MAPI Virtual Directory Bug in Exchange 2016 CU2

Wednesday, June 29, 2016
I discovered a bug in Exchange 2016 CU2 where if you change the MAPI virtual directory URLs using the Exchange Admin Center (EAC), it clears all forms of authentication from the MAPI virtual directory. This will cause all Outlook clients to constantly prompt for credentials because there are no ways for Outlook to authenticate.

All authentication methods are disabled

The default IISAuthenticationMethods for the MAPI virtual directory are NTLM, Negotiate, and OAUTH.

Steps to reproduce the issue:
  • Double-click the MAPI virtual directory from the Exchange Admin Center to confirm that authentication is set to NTLM and Negotiate.
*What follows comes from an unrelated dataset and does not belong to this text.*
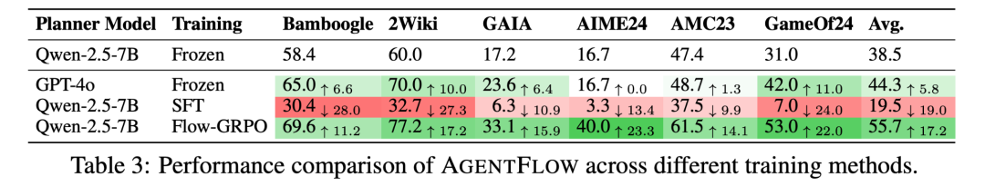 对比实验显示,若采用离线监督学习(SFT)方式训练规划器,性能反而显著下降,平均降低19%。

Note that OAUTH is not shown as an authentication method in EAC. Click Cancel to close the dialog box.
  • Double-click the MAPI virtual directory and change the internal and/or external URL and click Save.
    • Observing the command console, the cmdlet executed is: Set-MapiVirtualDirectory -ExternalUrl '' -IISAuthenticationMethods @() -Identity 'fe29d135-6f9c-4191-a68e-b028d94bd7ff'
  • If you examine the authentication settings before you click Save, the authentication settings will be written as NTLM and Negotiate (missing OAUTH).
    • Observing the command console, the cmdlet executed is: Set-MapiVirtualDirectory -ExternalUrl '' -IISAuthenticationMethods @(Ntlm,Negotiate) -Identity 'fe29d135-6f9c-4191-a68e-b028d94bd7ff'

This bug affects both Exchange 2013 and Exchange 2016 MAPI virtual directories configured using the Exchange 2016 CU2 EAC. Note that the MAPI virtual directory was not exposed in the EAC until Exchange 2016 RTM, so you won't see it in the Exchange 2013 EAC.

If you change the URLs via the Exchange Management Shell (without using the -IISAuthenticationMethods parameter) the URLs are updated without affecting the authentication methods.

To set the authentication methods for all MAPI virtual directories back to their defaults, run the following cmdlet from EMS:
Get-MapiVirtualDirectory | Set-MapiVirtualDirectory -IISAuthenticationMethods @(Ntlm,Negotiate,OAuth)
All MAPI virtual directories set back to default authentication methods

I reported this bug on Connect and Microsoft confirmed this is an issue with Exchange Server 2016 CU2.